Przetaczające się od wczoraj komentatorskie tsunami wymywa z naszych głów ogólnonarodową frustrację. Wpisy na blogach, memy, dyskusje w stacjach telewizyjnych i radiowych jadą równo po wszystkich i najlepiej po bandzie. Obśmiewani są debilni narodowcy, kibole, pisowcy, rząd, władze miasta i … Rosjanie. Dostało się też biednej tęczy – przepięknemu kolorowemu tworowi przyrody. Zwiastun ciszy i spokoju został zniszczony przez nieokiełznany żywioł a facebook podzielił się na jej zwolenników i przeciwników. Po prostu Kapturek zeżarł wilka i szlag bajkę trafił.
A może tak podejść do sprawy z zupełnie innej strony? Znajdźmy w tych smutnych wydarzeniach coś bardziej radosnego i zabawnego. Oto propozycja przedstawiona przez Reklamotywy62.

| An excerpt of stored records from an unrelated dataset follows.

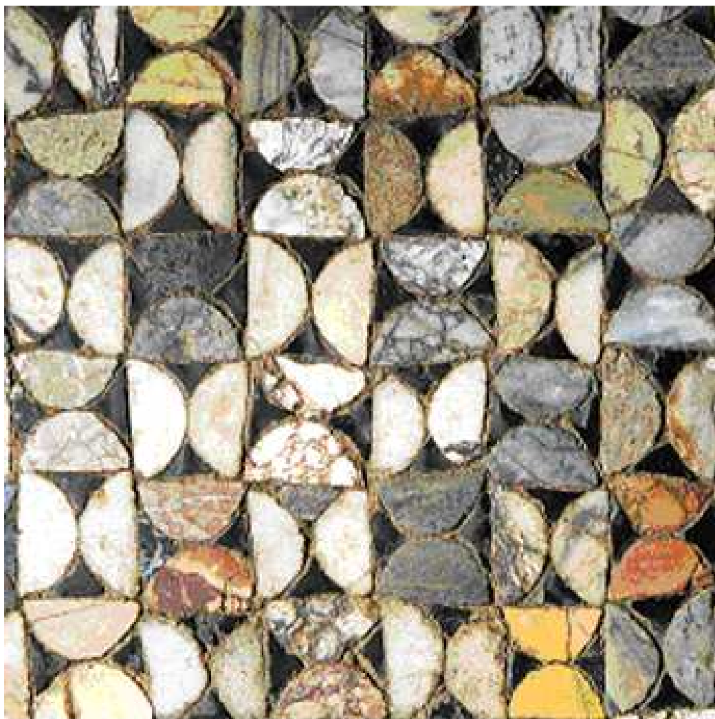
Bozzetto per esercitazioni del laboratorio di terrazzo
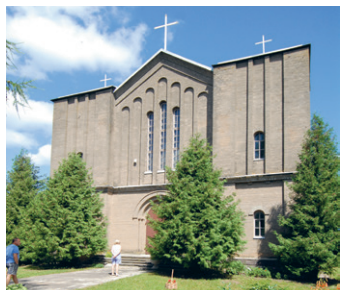
39. att. Indra. Balbinovas Vissvētās Trīsvienības Romas katoļu baznīca. 1935.–1940. P. Pavlovs
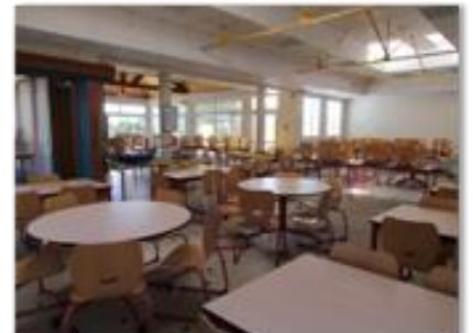
Salle de restaurant
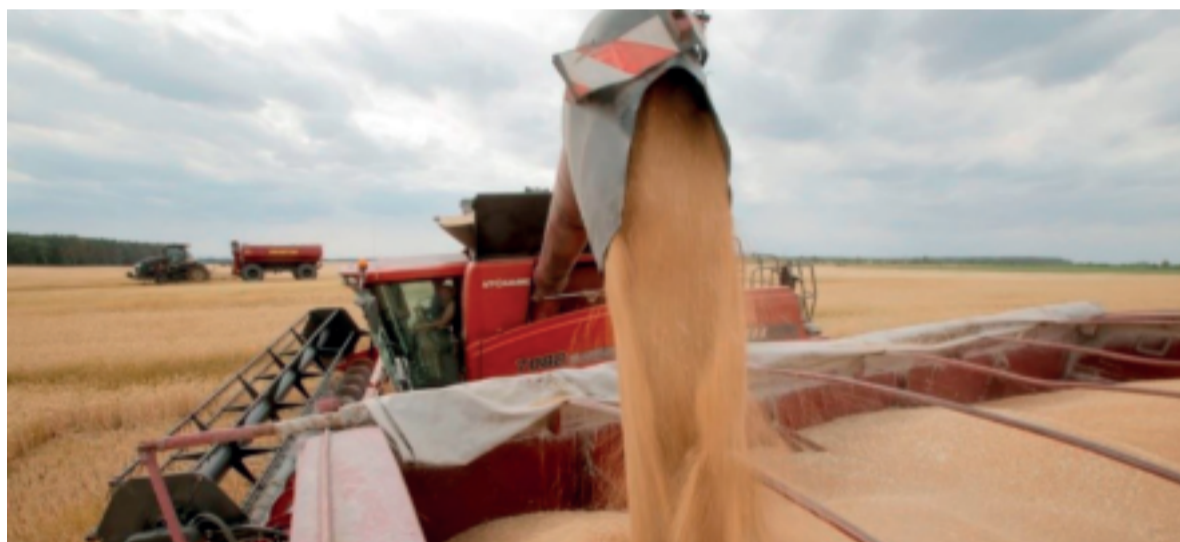
Foto: FAO/Anatolii Stepanov. Colheita de trigo perto da vila de Krasne, na Ucrânia.
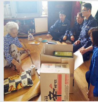
5월 30일(화) 해군2함대 수리창 전기공장 생필품 전달
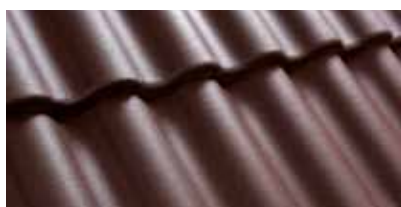
Wijnrood 0200 31
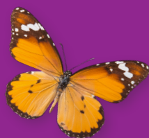
Milieu, Klimaat & Duurzaamheid
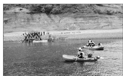
消防队员在事发河段搜救失联者

急,水深约30米,河面宽60余米。该船为非营运的动力驱动铁皮船,是当地农户生产生活自用船。根据现场视频和照片显示,事发前,涉事船上的人员并不在船舱内,而是或站或坐在甲板上,其中一名男子站在甲板拿着撑杆,船只两侧有低矮的铁围栏。事故发生后,船只侧翻在江中。
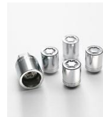
PIULIȚE SECRETE PENTRU ROȚI, SET

Dacă întâmpini probleme pe traseu, utilizează kit-ul de reparații Lexus pentru reparații rapide. Atenție: pentru o reparație completă, contactează cel mai apropiat dealer Lexus.
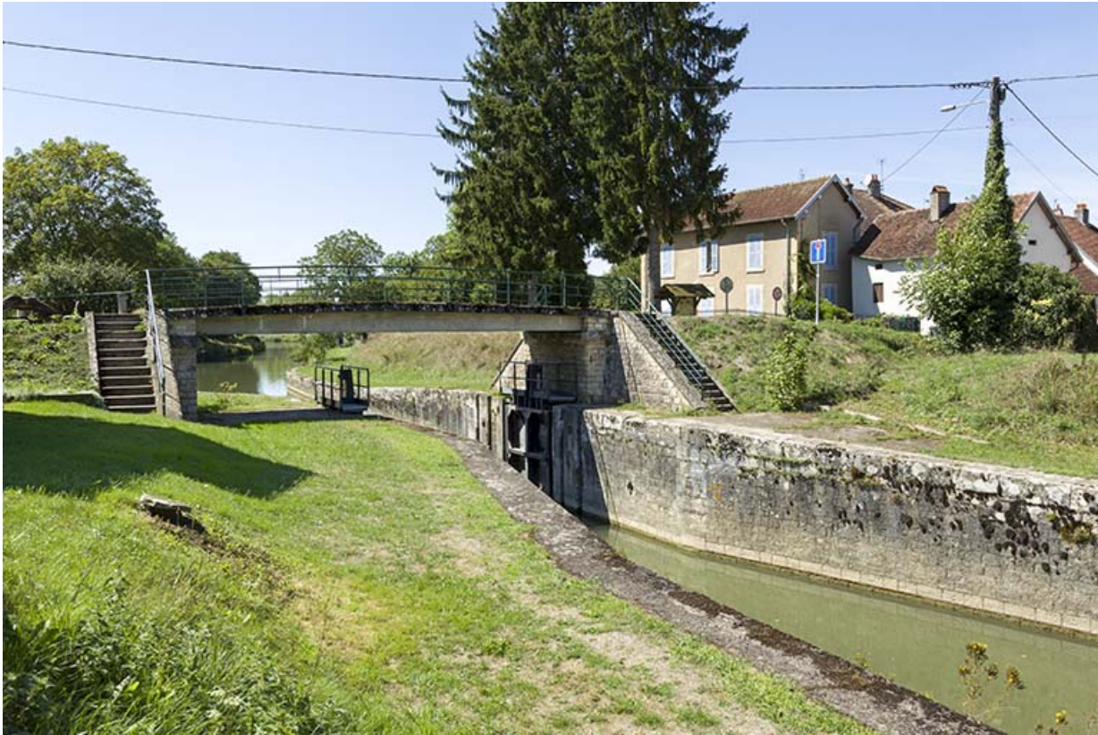
La porte de garde.
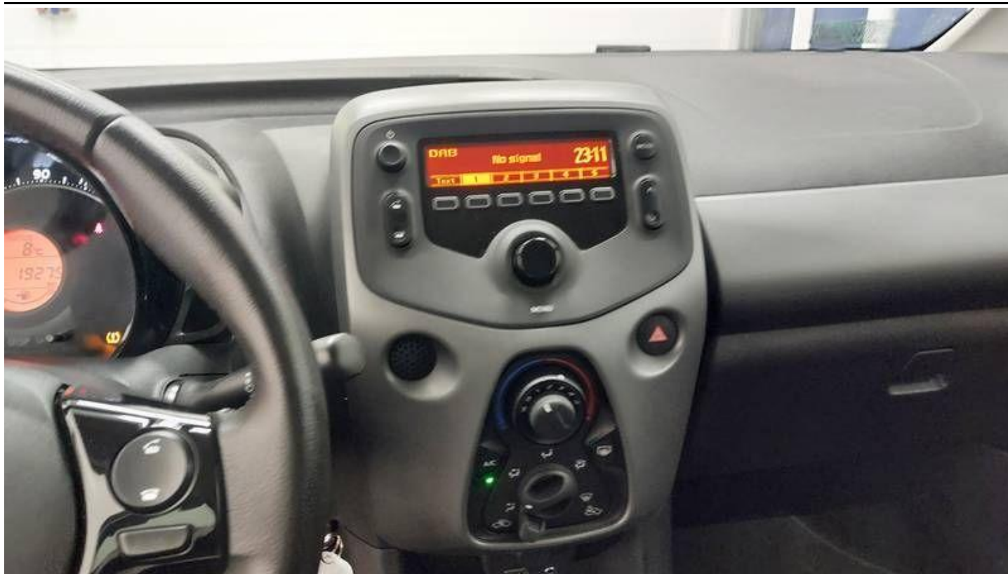
Fot. nr 21
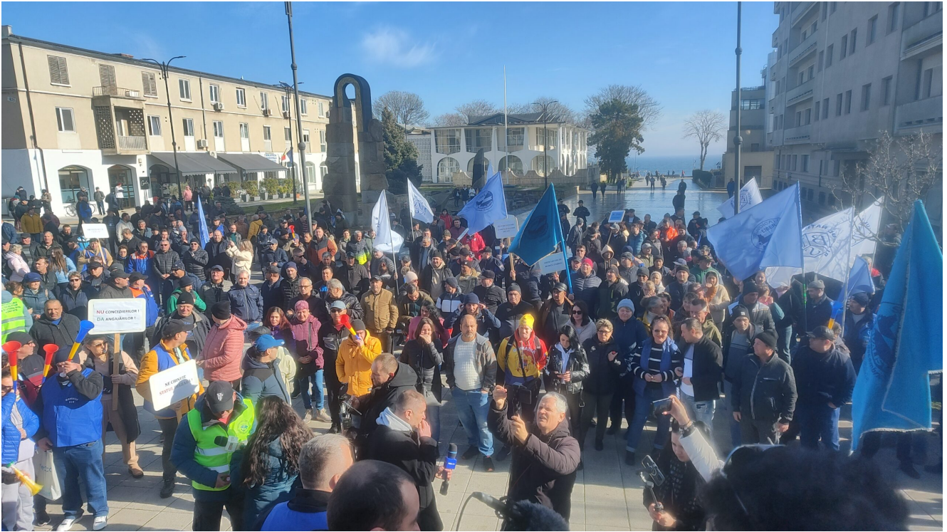
Protest Damen Mangalia
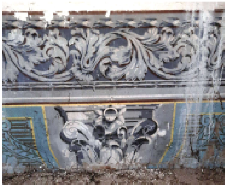
Részlet az egykori zsinagóga ma is meglévő, eredeti falfestéséből
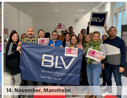
14. November, Mannheim

ten und haben vor dem Justizministerium in Saarbrücken eine Kundgebung durchgeführt. Die mehr als 250 Teilnehmenden haben lautstark gezeigt, dass sie endlich ein Angebot der TdL wollen.
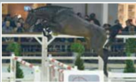
El Barone 111 Z
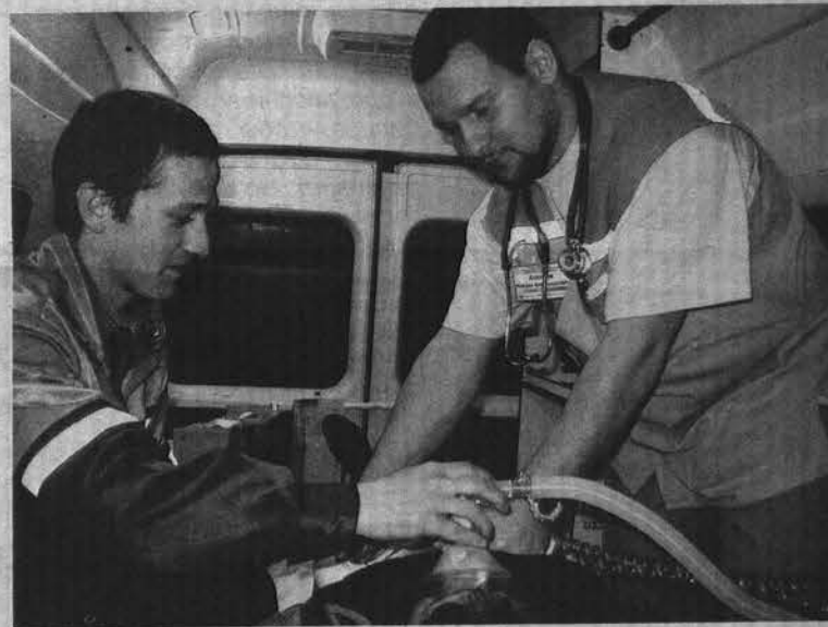
Врачебная бригада оказывает экстренную помощь.

РЕАЛЬНОСТЬ: «скорая помощь» частным извозом не занимается. Только в исключительных
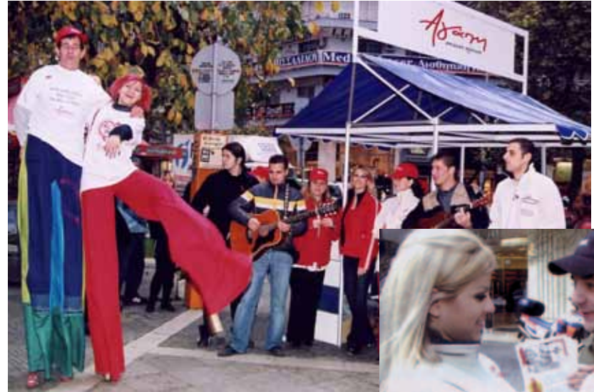
▲ Η Αγάπη στην πρώτη γραμμή του αγώνα κατά του aids
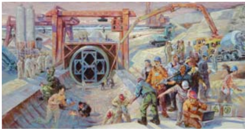
△南水北调·穿越黄河 作者：张焯、刘英宏、杜海涛、张忆菲 单位：曲阜师范大学

芦苇葱茏蒲香绿，荷花争娇银鱼喜。桃花水母展仙姿，白鹤野鸭享神趣。改善生态建湿地，提高水质创奇迹。四湖风光无限好，英雄壮举动天地。
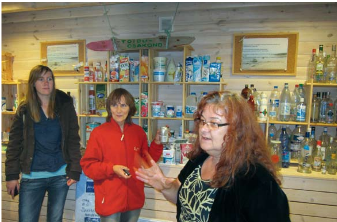
Quadruple seminari väljasõidul Hiiumaal Merekaubamajas 2011.
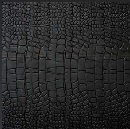
Pelle di cocodrillo

I parquet che valorizzano il legno. The parquets that enhance wood.
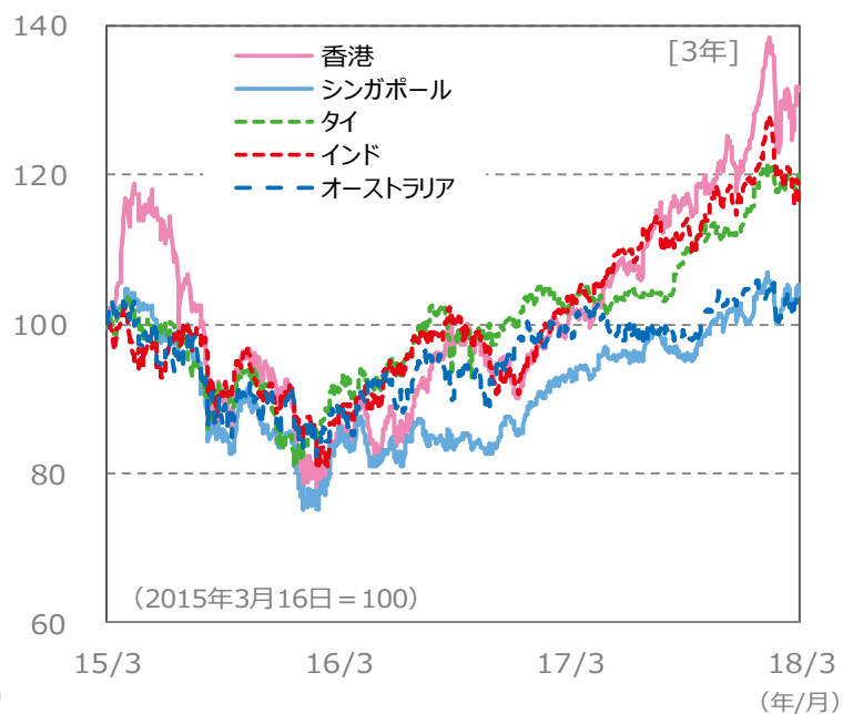
【国・地域別の株価指数の推移】 [3年]
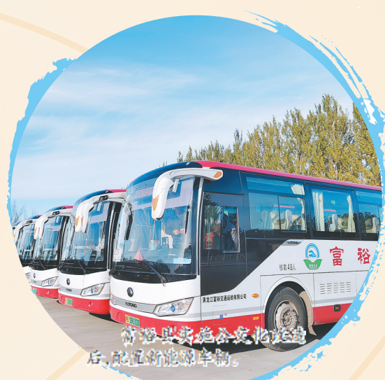
后,推广应用新能源车。

下一步,省交通运输厅将深入贯彻党的二十大精神,按照省委省政府部署要求,全面深化综合交通运输体系改革,围绕服务建好建强“三基地、一屏障、一高地”,加快构建安全、便捷、高效、绿色、经济、包容、韧性的可持续交通体系,服务保障建设“六个龙江”、推进“八个振兴”,奋力当好中国式现代化龙江实践的开路先锋。

Prezentowana koncepcja jest obiecująca w swej świeżości, ale też prowokuje zasadnicze pytanie: czy marki powinny się włączać w takie narodowe dramaty i wykorzystywać socialmediowe zamieszanie? Sprawa z dachem na Stadionie Narodowym i wodnymi bohaterami pokazała, że to krok słuszny. Fakt, że wydarzenia te mają zupełnie odmienny charakter, ale wstyd za organizację, nieudolność i zachowanie rodaków jest podobny. Rozważania działań tego rodzaju to grubszy temat nadający się na osobny artykuł, nie mniej jednak będzie to tylko teoretyczna dywagacja. Czy znajdzie się ktoś odważny, aby wykorzystać kontrowersyjne wydarzenia w praktyce?
Idąc za wskazaniem Relamotywy62, marka Skiittles już dziś powinna stawiać w Warszawie tęcze ze swoich cukierków i zapraszać warszawiaków do jej skubania, a przynajmniej wysłać w miasto hostessy ubrane w tęczowe stroje rozdające cukierki. Działanie to doskonale wpisałoby się w koncepcję zaproponowaną przez markę. Przecież patrząc na to, co się wydarzyło 11.11.2013 w Warszawie, nie pozostaje nic innego, jak zapalić dobrego skręta, najeść się Skiittlesów i wydoić żyrafę.